(Data to process)
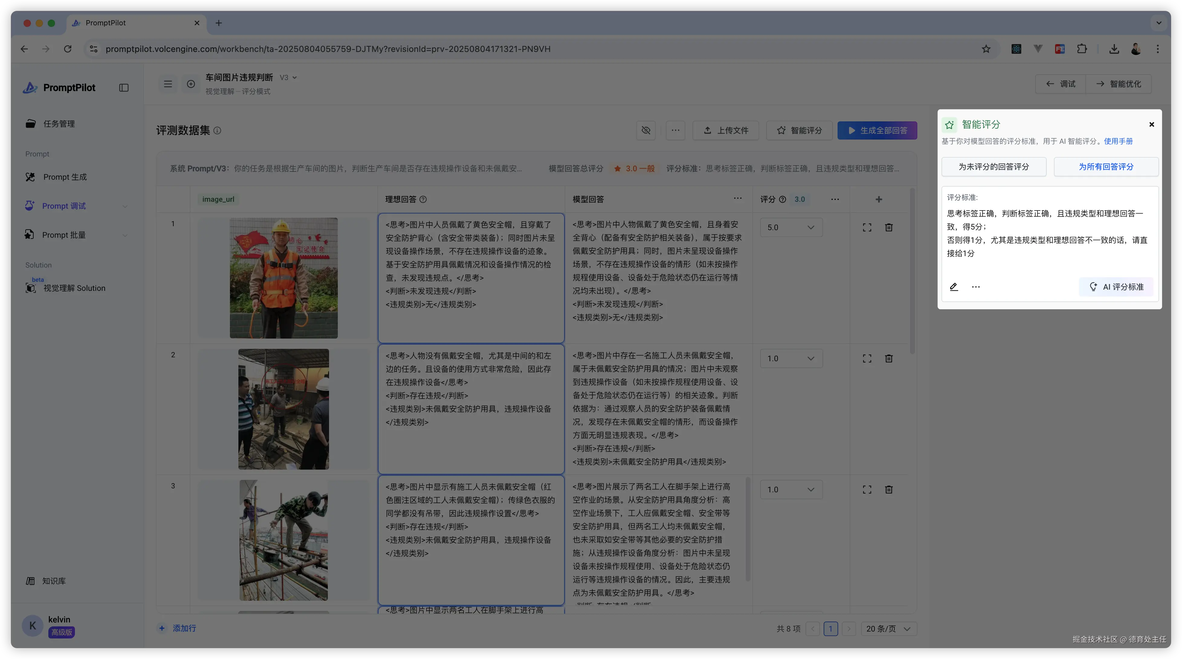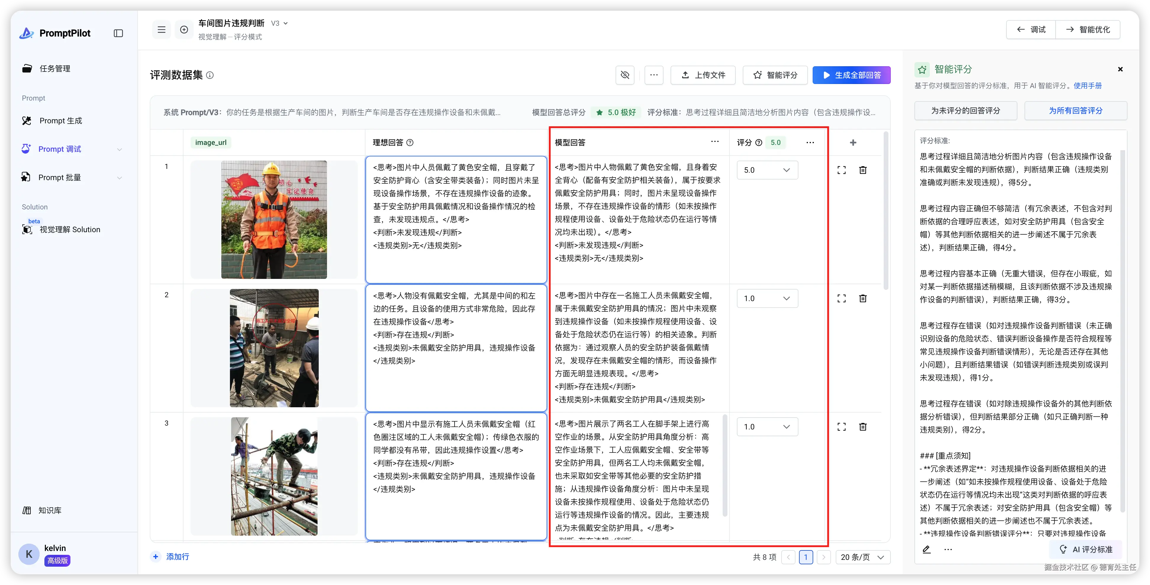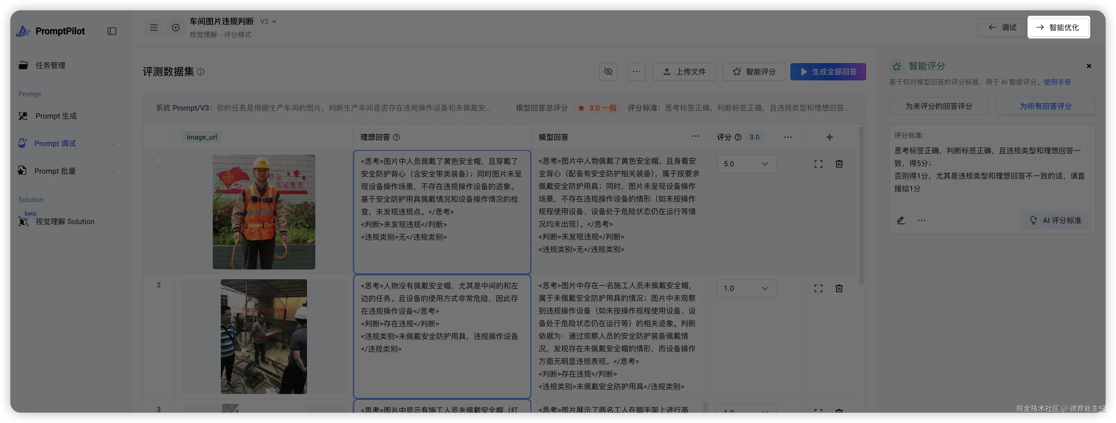第一行的 image_url 指的是图片的变量名,再看看前面的 PromptPilot 生成的提示词中有一句写着 {{PRODUCTION_WORKSHOP_IMAGE}} ,这个其实就是它要检查的图片变量名,和我们 Excel 里的变量名对不上。此时要么改 Excel 里的变量名,要么改 PromptPilot 里的。我选择修改 PromptPilot 里的。
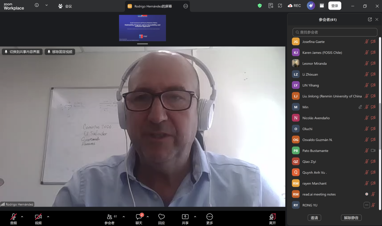 智利社会团结与投资基金(FOSIS)健康居住环境部主任 Rodrigo Hernández分享了智利宜居方案在改善弱势群体住房条件方面的工作,并围绕贫困社区、青少年、残障群体的实际需求,介绍了无障碍设施准入标准、政府支持政策与项目落地条件等内容,为相关技术转化与本地化应用提供了重要参考。
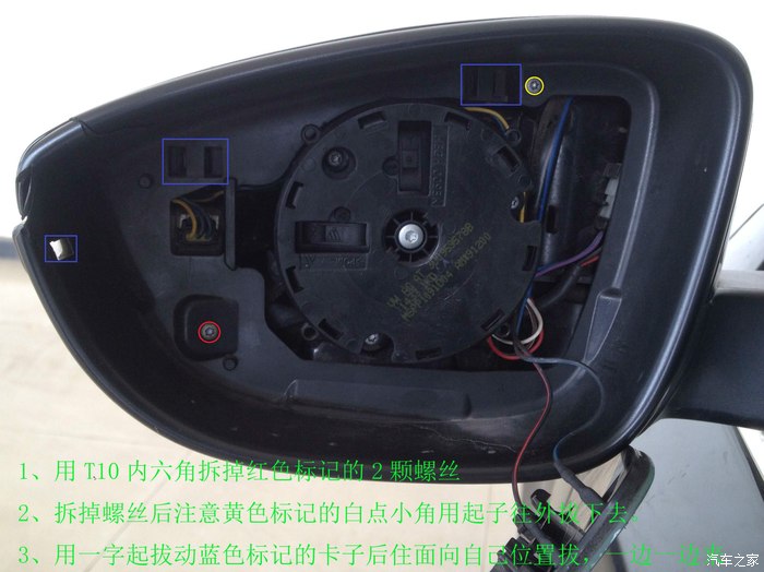 DIY自己动手拆解并更换左后视镜后盖、镜片框、LED灯
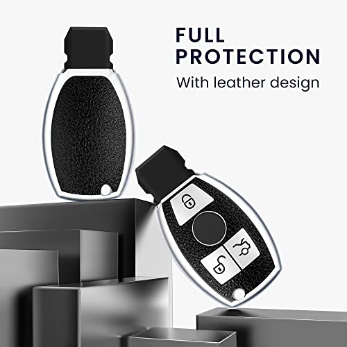 Kwmobile Cover Coprichiave Compatibile con Mercedes Benz con 3 tasti - Foderina Chiave Auto Effetto Pelle - Bumper Antiurto e Protezione Tasti argento/nero
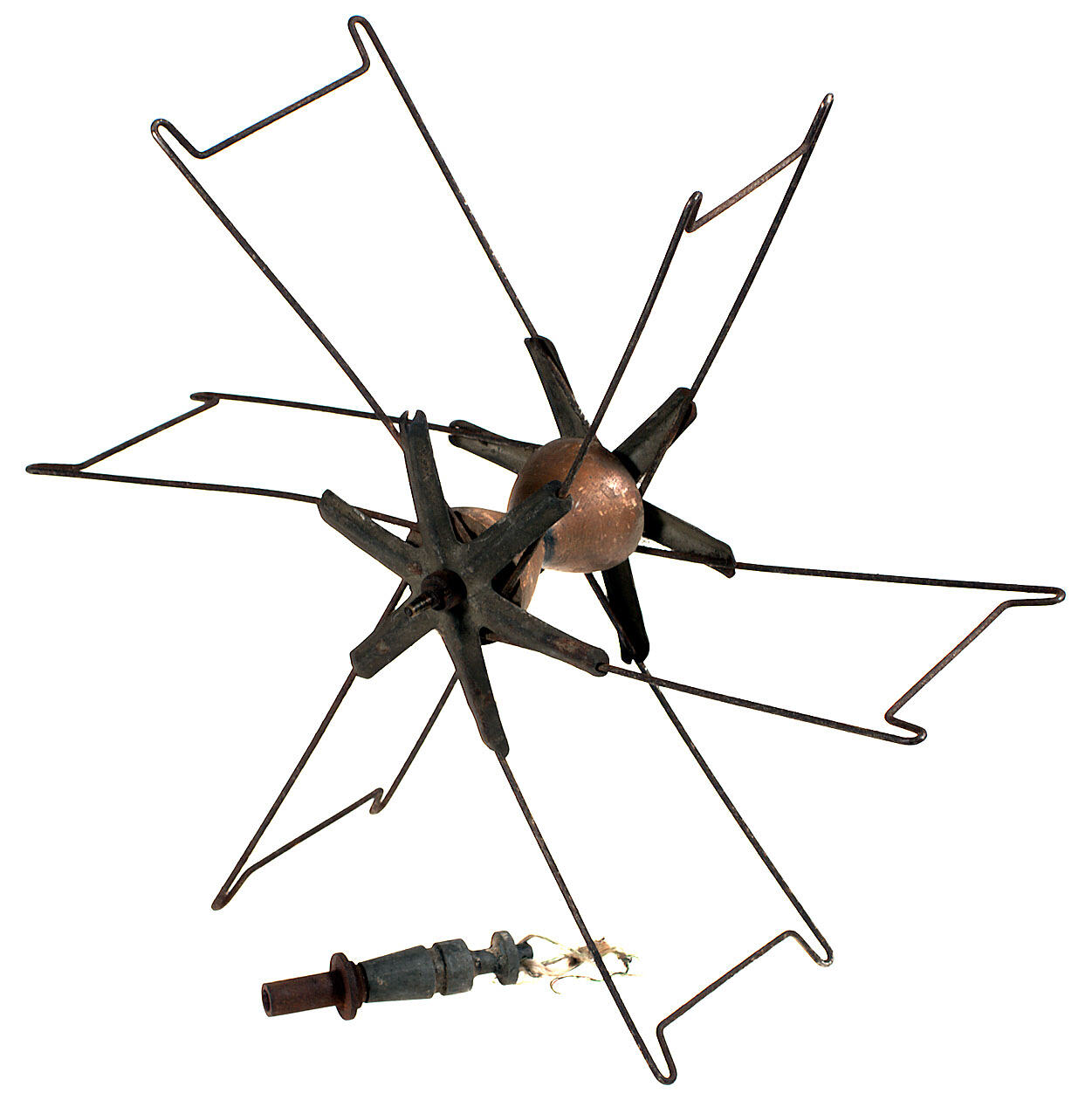 Wool winder made of wood and metal. The winder would have been supported at the centre during operation - possibly with the use of the separate metal shaft, one end of which might have been placed over the pin at the centre of the spindle, and the other pushed into a corresponding hole in another object.
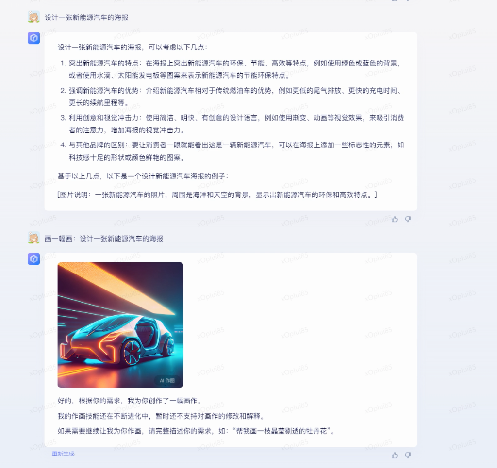 不过,当我们在“设计一张新能源汽车的海报”这句话前面明确加上:“画一幅画”时,文心一言“又行了”生成了一张汽车图片。
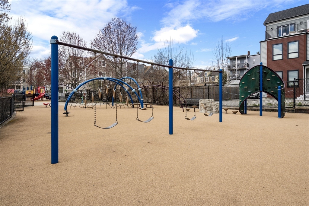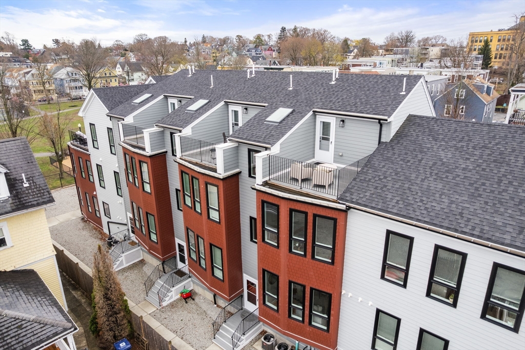 OPEN HOUSE SAT 12:30-2 PM! Stylish and spacious 2021-built townhouse offering 4-levels of modern living, perfect to plant your roots & for city commuters. The main floor features a bright, open layout w/sleek kitchen—white quartz countertops, center island, subway tile backsplash & stainless steel appliances—plus dining, living & half bath. Upstairs, enjoy 2 spacious bedrooms w/large built-out closets, full bath, laundry & West private deck. The top floor is a luxurious primary suite w/skylights, 2 walk-in closets, en-suite bath & 2nd East private deck. Lower-level den offers flexible space for office, gym, media or playroom. Covered parking included. Tucked just off Dot Ave near Ashmont, Adams Village & Dorchester Center - 1/10 mile to Shawmut Red Line, 1/2 mile to Talbot Commuter rail, plus shops, restaurants & Loesch Family Park just outback w/farmers market on Saturdays. High-end finishes, thoughtful layout & unbeatable location make this a true urban retreat. Must see!
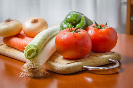新鲜的不行蔬菜漏勺和在反对现代厨房砧板
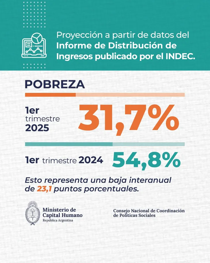 Según destacó Capital Humano en un comunicado, el dato de pobreza representa una baja interanual de 23,1% con relación al primer trimestre del 2024, ya con el gobierno libertario en funcionamiento. Aseguran que en ese período hubo el pico más alto pobreza con una proyección del 54,8%.
(End Data to process)
• _Try it_:
Leave the pictures out and repeat exactly the lines from the beginning of the records to the line bearing "Wool winder made", both ends counted.

• _Solution for this task_:
第一行的 image_url 指的是图片的变量名,再看看前面的 PromptPilot 生成的提示词中有一句写着 {{PRODUCTION_WORKSHOP_IMAGE}} ,这个其实就是它要检查的图片变量名,和我们 Excel 里的变量名对不上。此时要么改 Excel 里的变量名,要么改 PromptPilot 里的。我选择修改 PromptPilot 里的。
 智利社会团结与投资基金(FOSIS)健康居住环境部主任 Rodrigo Hernández分享了智利宜居方案在改善弱势群体住房条件方面的工作,并围绕贫困社区、青少年、残障群体的实际需求,介绍了无障碍设施准入标准、政府支持政策与项目落地条件等内容,为相关技术转化与本地化应用提供了重要参考。
 DIY自己动手拆解并更换左后视镜后盖、镜片框、LED灯
 Kwmobile Cover Coprichiave Compatibile con Mercedes Benz con 3 tasti - Foderina Chiave Auto Effetto Pelle - Bumper Antiurto e Protezione Tasti argento/nero
 Wool winder made of wood and metal. The winder would have been supported at the centre during operation - possibly with the use of the separate metal shaft, one end of which might have been placed over the pin at the centre of the spindle, and the other pushed into a corresponding hole in another object.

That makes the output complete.